Dijo que desde que comenzó en serio la persecución en el verano de 2014, unas 5,000 familias han huido de su hogar. Se han establecido como refugiados en su Arquidiócesis de Erbil, que lucha para brindarles vivienda, alimento, medicamentos y educación con la ayuda de agencias católicas y del gobierno local.

Dirigiéndose a los Caballeros y a sus familias, el Arzobispo Warda dijo, “Hermanos y hermanas, en momentos de peligro ustedes fueron de los primeros en tendernos una mano que salva vidas. Se mantuvieron a nuestro lado, como lo hicieron la Madre María y el Amado Discípulo al lado del Cristo crucificado, incluso cuando la mayor parte del mundo nos dio la espalda. …Les pedimos que sigan siendo una voz para nuestro sufrimiento”.

El Arzobispo Jeanbart dijo que la antigua ciudad de Alepo, que durante siglos ha sido el centro del comercio entre Oriente y Occidente, ha sido reducida a ruinas y los cristianos han sufrido la peor devastación. La Iglesia ha llamado de manera consistente a la paz y al proceso de un acuerdo negociado para dar fin a esta guerra que ha durado ya cuatro años, dijo.

El Arzobispo Jeanbart dijo, “Con la gracia de Dios y con la ayuda de organizaciones como la suya”, la Iglesia Católica en Alepo ha podido “responder de manera significativa a las necesidades humanitarias de nuestro pueblo.
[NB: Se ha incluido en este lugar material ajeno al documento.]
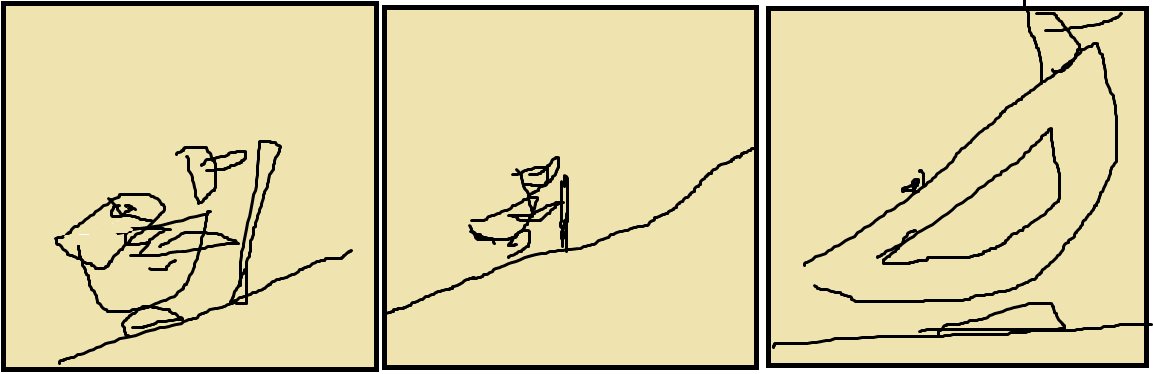 Shock is a scale of extremes. An extreme joke would be something like, “A man walks into a bar. The bartender blows him up with a bazooka.”2 The action is extreme, the choice of the word “bazooka” is extreme. Picture me screaming this joke in walmart. Also extreme. And subversive. Some jokes are funny by sheer boisterousness, nothing to do with the content. Jokes that are mostly shock tend to be distasteful in polite company.
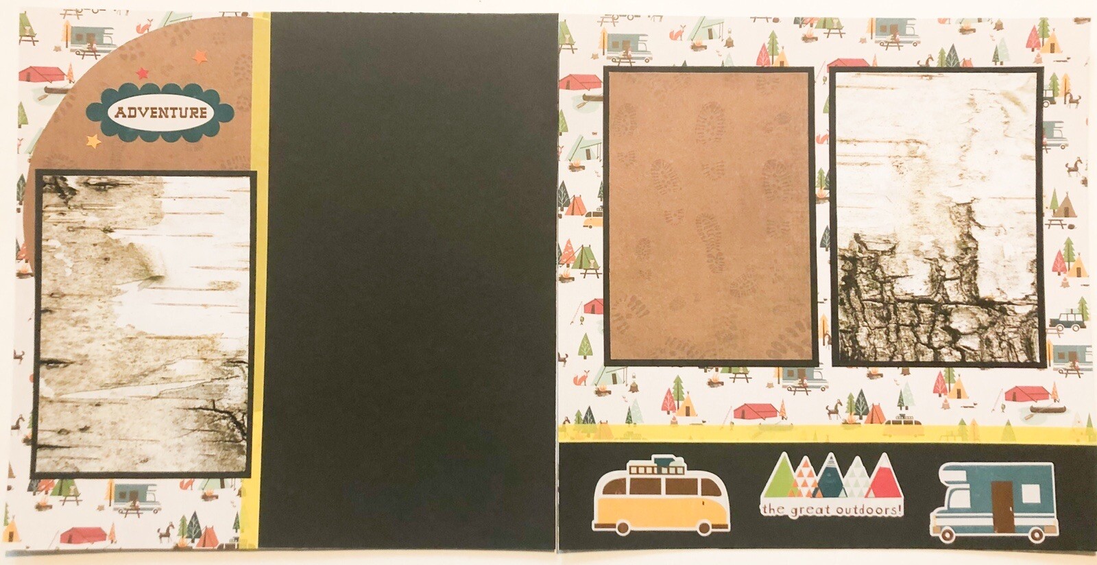Camping Scrapbook pages, 12 by 12 Ready for 4 by 6 photos, Camping Layouts
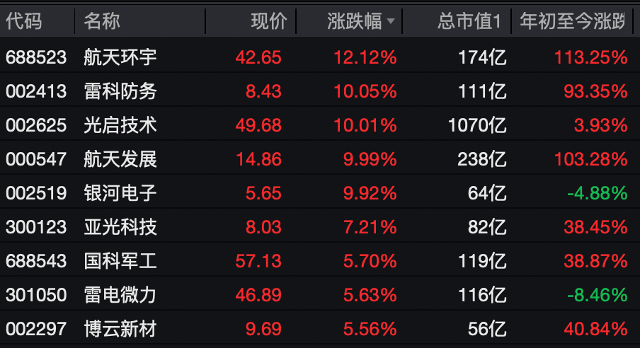 个股方面,光启技术、雷科防务、航天发展、银河电子录得10cm涨停,航天环宇涨超12%。
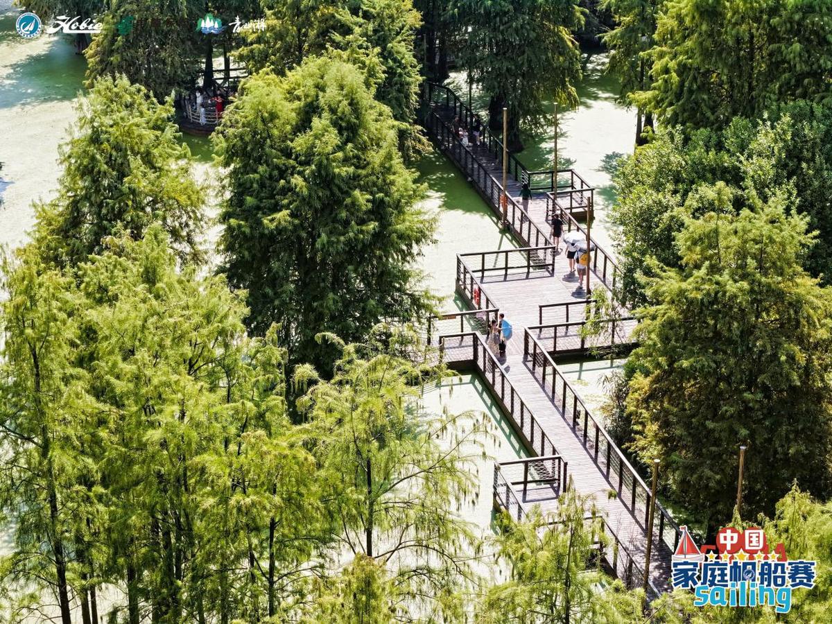 本次比赛的赛场位于青山湖水上森林景区,景区拥有100万平方米国内罕见的水上森林,是临安生态与文旅的“金名片”。赛事期间,景区开通游船观赛服务,既能近距离观看帆船竞速,又能将青山湖“水杉映湖、鹭鸟低飞”的生态美景尽收眼底。沿湖绿道上,观赛点位标识清晰,不少市民带着野餐垫驻足,为湖面参赛家庭加油,沉浸式感受赛场热烈氛围。青山湖水上森林景区负责人表示:“家帆赛让‘旅游+体育’有了新玩法,百亩水上森林不仅是风景,更成了传递健康生活理念的赛场。未来我们会继续联动这类赛事,让更多人感受青山湖的生态之美与运动之趣。”
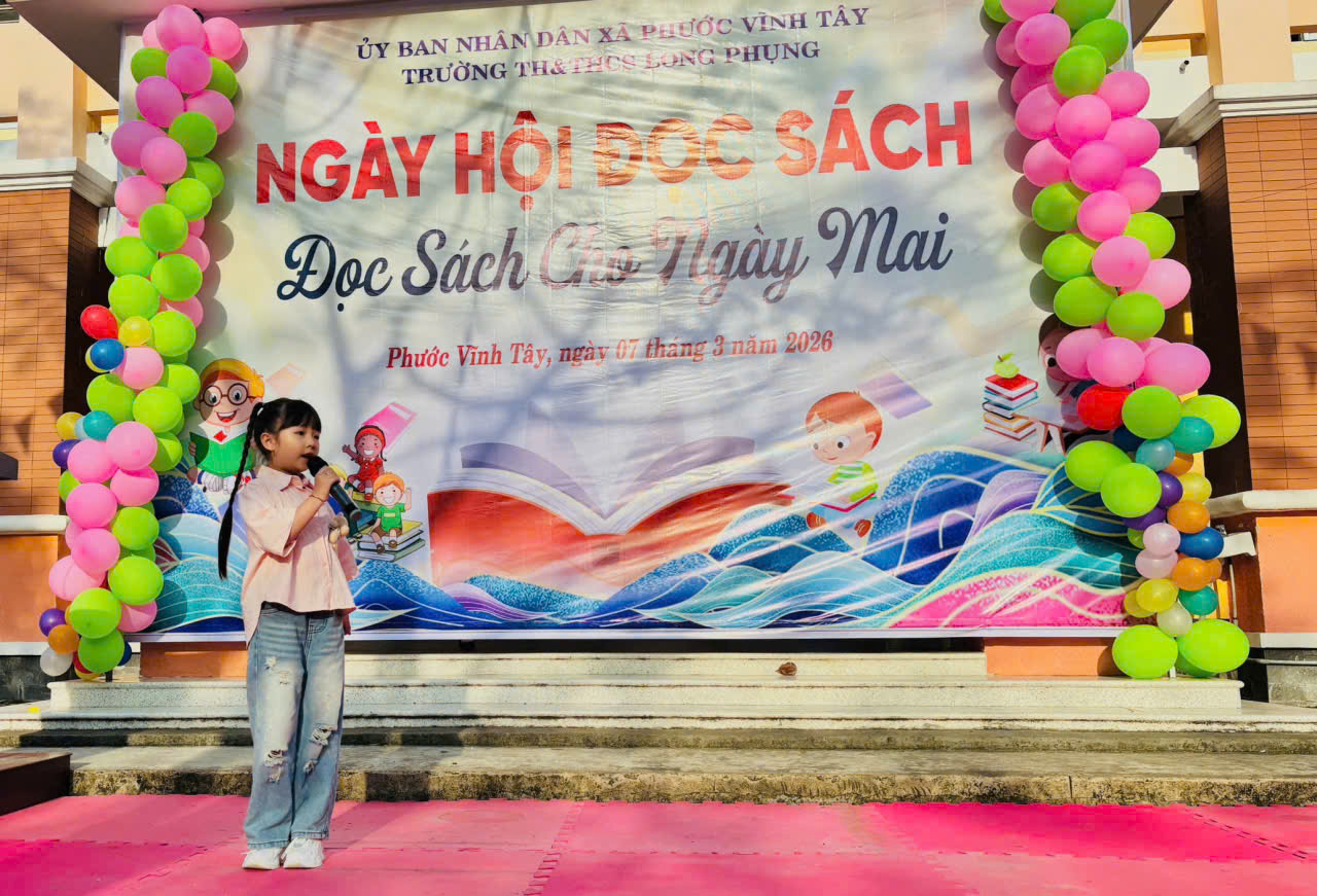 Thực hiện Thông tư số 16/2022/TT-BGDĐT ngày 22/11/2022 của Bộ Giáo dục và Đào tạo về Quy định tiêu chuẩn thư viện cơ sở giáo dục mầm non và phổ thông; căn cứ Kế hoạch số 198/KH-TH&THCSLP ngày 30/9/2024 của Trường Tiểu học và THCS Long Phụng về thực hiện nhiệm vụ năm học 2025–2026 và Kế hoạch hoạt động Thư viện năm học 2025–2026, sáng ngày 07/3/2026, Trường Tiểu học và THCS Long Phụng đã tổ chức Ngày hội đọc sách và Trưng bày các sản phẩm STEM năm 2026 tại sân trường (điểm chính) với sự tham gia của Ban lãnh đạo, giáo viên, nhân viên cùng toàn thể học sinh từ khối 1 đến khối 9.
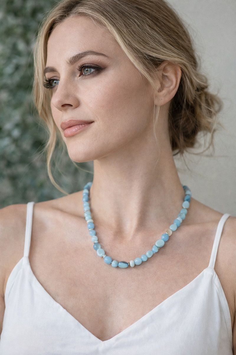 Add a touch of elegance and bohemian charm to your look with this beautiful handmade necklace, crafted with high-quality semi-precious blue gemstones.
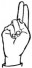 На ћирилици написано КОСТАДИН ВИДИЋ састоји се из 13 слова [?]. Исписано ћириличном једноручном азбуком за глувонеме:
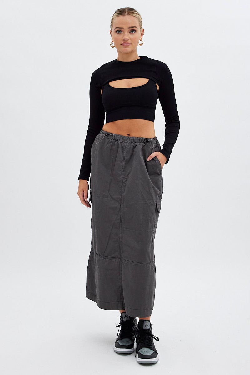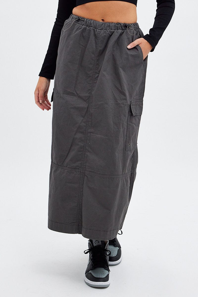 Grey Maxi Skirt Low Rise Cargo Parachute
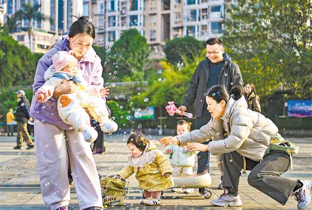 1月6日,南岸區花園路街道南湖社區,家長帶著孩子在廣場上晒太陽。 針對老年人佔比升高、地勢起伏較大等問題,2025年,我市通過在梯坎旁加裝防滑扶手、綠道沿線增設休閑椅等推進社區微改造,積極回應居民訴求,提升了居民幸福感。…
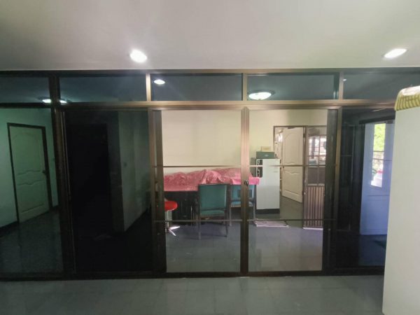 ชุดประตูบานเลื่อนเปิดกลาง พร้อมช่องแสงข้างรวมมุ้ง
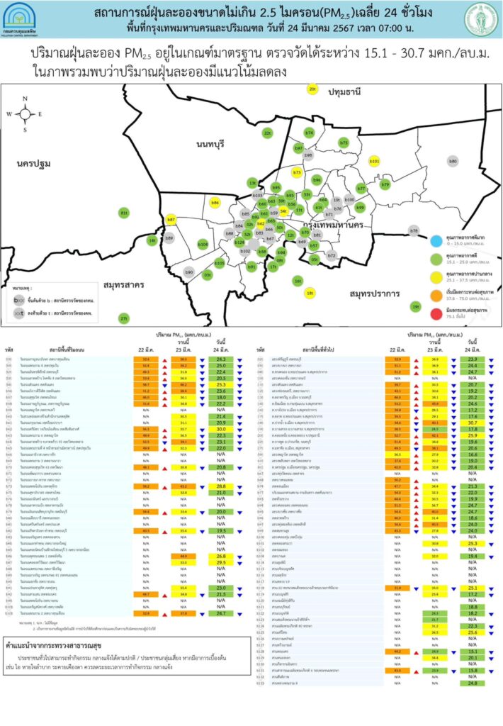 – กรุงเทพมหานครและปริมณฑล ภาพรวมอยู่ในเกณฑ์ดี ตรวจวัดได้ 15.1 – 30.7 ไมโครกรัมต่อลูกบาศก์เมตร
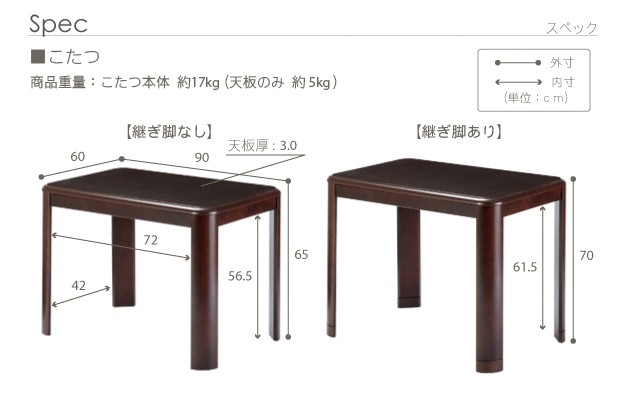 サイズ(cm):こたつ-幅90x奥行60x高さ70(65)・約17kg、椅子-幅57x奥行54x高さ72(67)・約10.5kg、布団-250x220cm・中綿量約950g
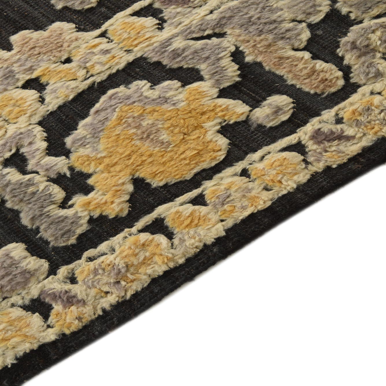 Primary color is Black. Colors in this rug include: Black, Ivory, Light Brown, Yellow, Gray.
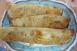 3. Put filling in the centre and fold each side so they overlap each other the filling will show slightly.
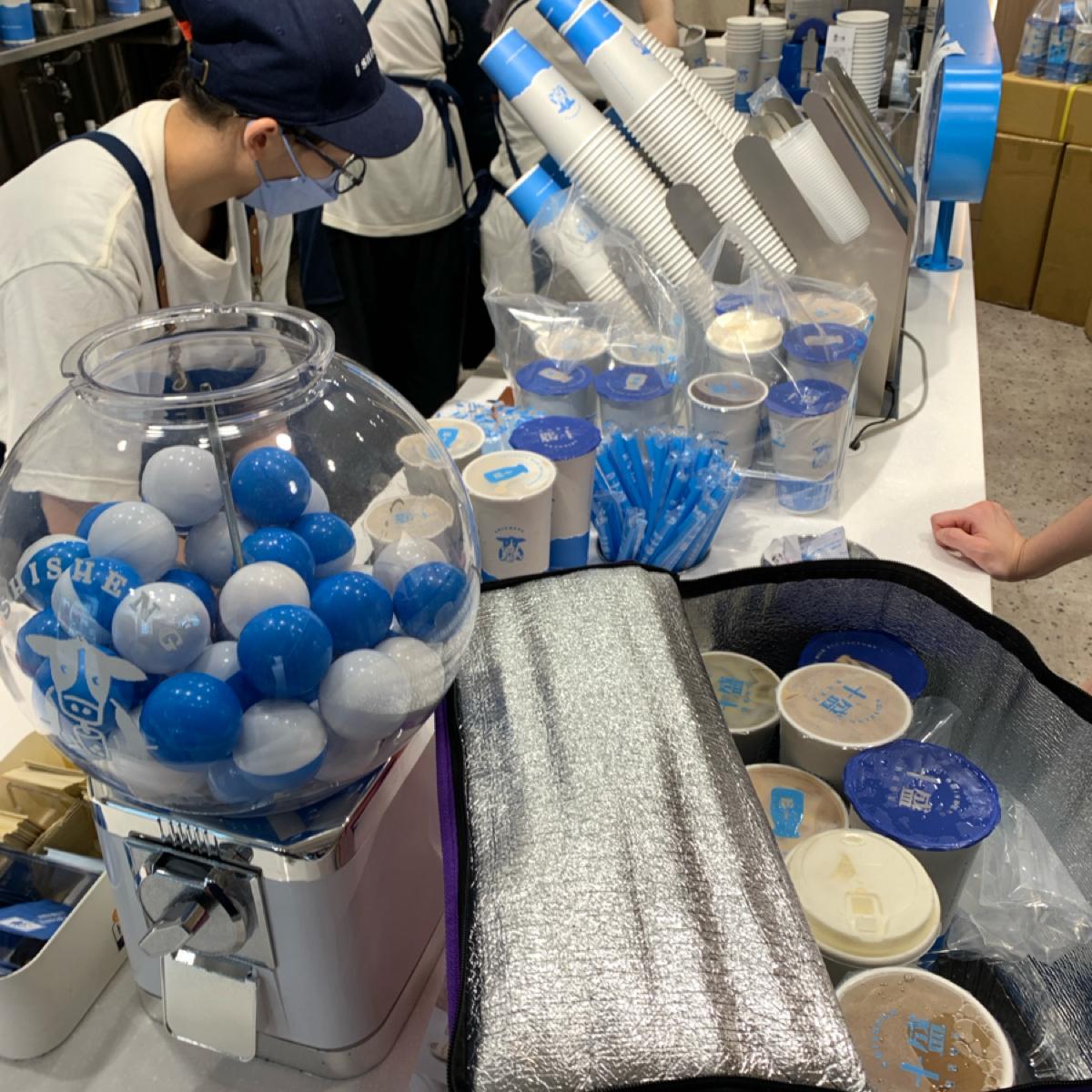我是等下午時段人潮散去後,才來購買;滿 100 元可取轉蛋,為各種下次抵用的折價券等;僅收現金。
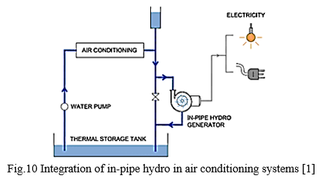 The inline hydroelectric generation system (IHGS) captures the essential little power inside the water pipelines and generates electricity for the monitoring system, as shown in Fig.29. This IHGS is made up of an exterior hydropower generator, as well as a high-efficiency hydro turbine that reclaims leftover pressure by dipping it into flowing water. The turbine drives a central spinning shaft when water passes through. To generate electricity, a shaft and a tiny generator are used. After satisfying the load, excess electricity can be used to charge the energy storage system for later usage. The IHGS uses a remote monitoring system to manage power output and stabilize the power supply. [67]
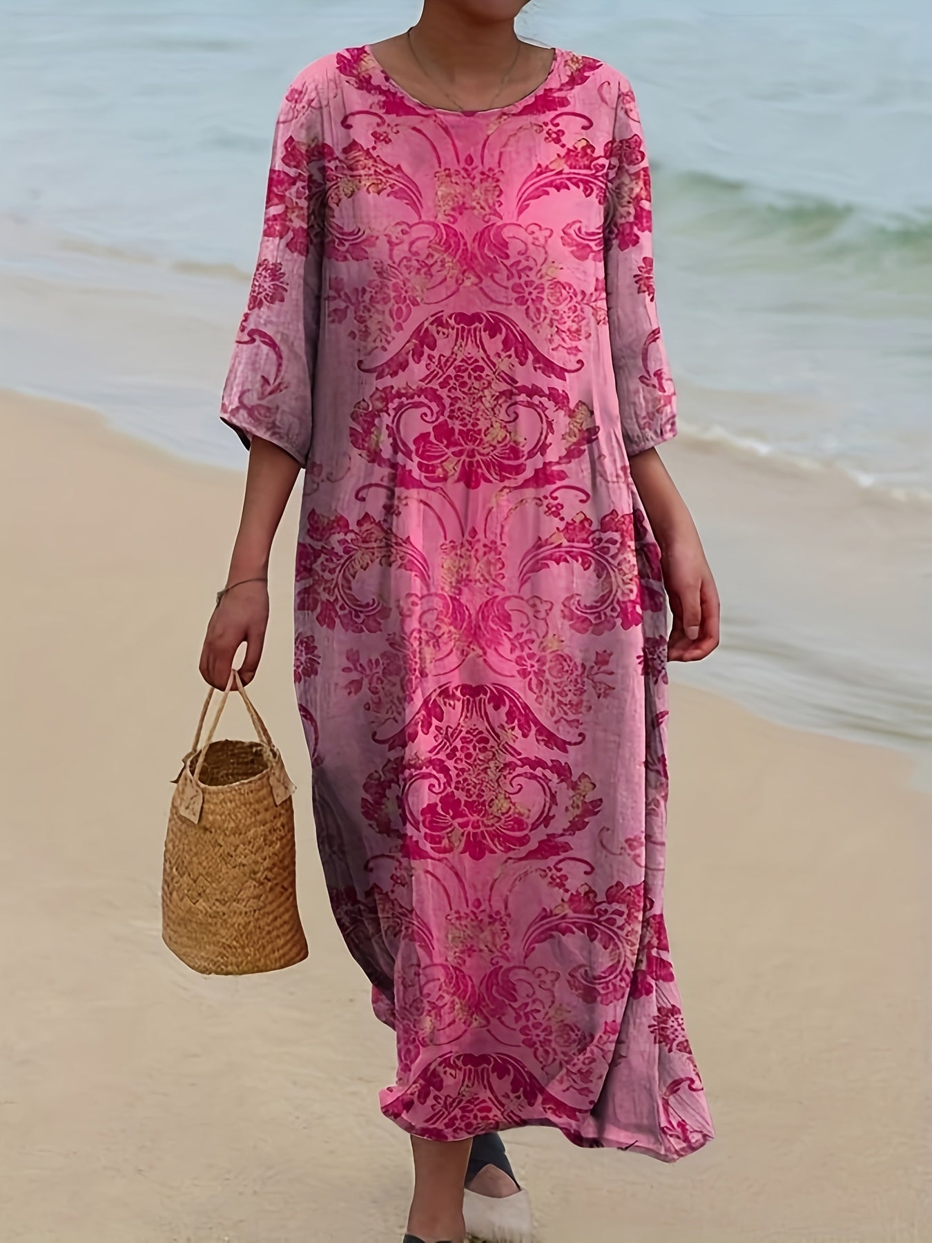 Infused with intricate patterns and rich shades of pink, this dress is your ticket to effortless boho glamour. The flowing design offers relaxed comfort, while the detailed print adds a luxe, artistic touch for your sun-drenched adventures.
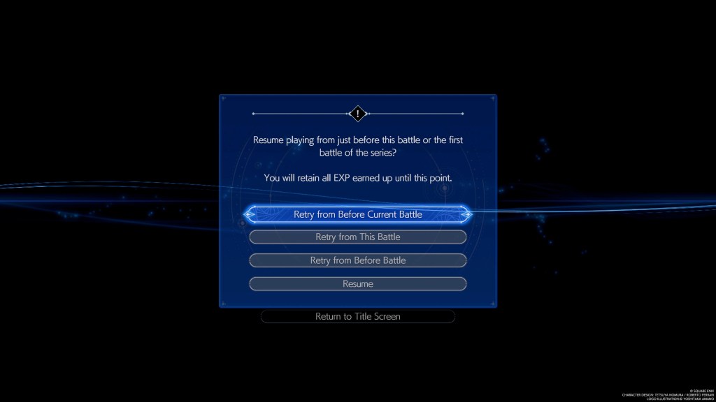 You should really try not to lose in the midst of a series of connected battles in this game because the riddles posed to you as to where you would like to restart from may cause your brain to melt. I must admit that after a whiskey in the midst of the final battle, I may have selected the wrong option and been forced to redo 4 earlier segments. At least the combat and bosses are so fun that i still ended up enjoying myself.
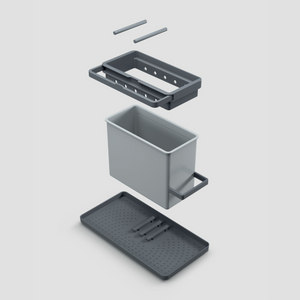 La struttura è supportata da piedini antiscivolo che garantiscono stabilità e aderenza al piano del lavello, evitando spostamenti accidentali durante l'uso. L'unità centrale dell'organizer è progettata per essere estremamente versatile, permettendo di posizionarla in 5 modi diversi, adattandosi così alle esigenze specifiche della tua cucina.
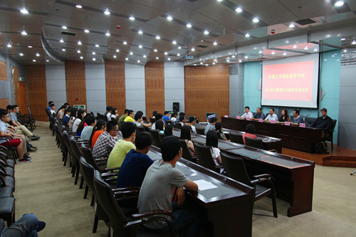 6月17日下午,国际教育学院在金明校区行政楼151会议室举行欢送会,为即将赴德国安哈尔特应用技术大学学习的2011级中德项目的学生送行。学院领导班子、德国安哈尔特应用技术大学代表及学院德语专业教师代表出席欢送会。欢送会由院党委副书记李从国主持。
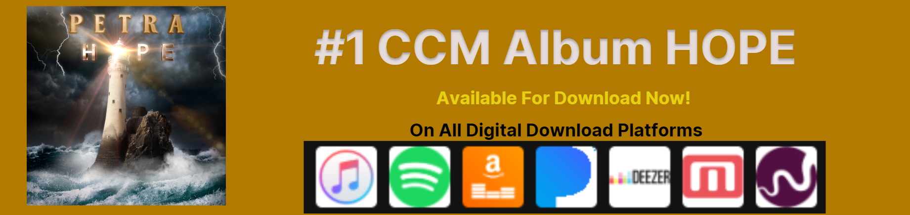 Petra's newest album HOPE, is here on CD and Vinyl only at girdermusic.com. We have special bundles as well as a 45 Hope Bible Studies written by Bob Hartman. CD is $15. Vinyl is $29.98 for Safe Harbor Bone White Vinyl and $36 for the two Limited Run Editions, Surge Blue and Breakers Edge Java. Bible Studies is $9.99
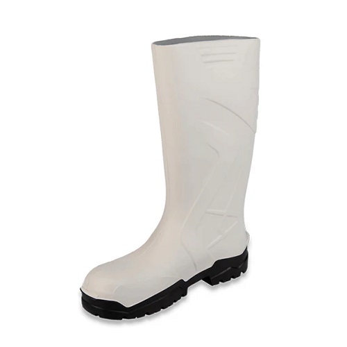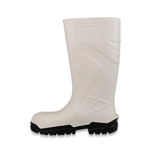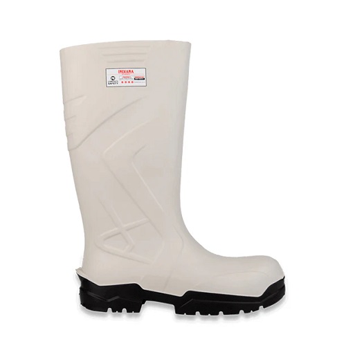 Bota Seguridad Indiana Blanco dieléctrica. Bota de trabajo para mitigar riesgos de impacto o compresión. Recomendada en labores industriales, agrícolas, industria de alimentos. Triple tiempo de duración comparada con un PVC

Pero lo que realmente necesitamos es su amor y preocupación por nuestra Iglesia que sufre y que intenta vivir y dar testimonio en esta tierra santa donde comenzó la vida cristiana y donde Pablo el Apóstol fue convertido, bautizado y ordenado al sacerdocio y enviado a convertir al mundo. …Se necesita urgentemente el apoyo de nuestros hermanos y hermanas cristianos de Occidente. ¿Están dispuestos a escuchar nuestro llamado desesperado? Si lo hacen les estaremos eternamente agradecidos”.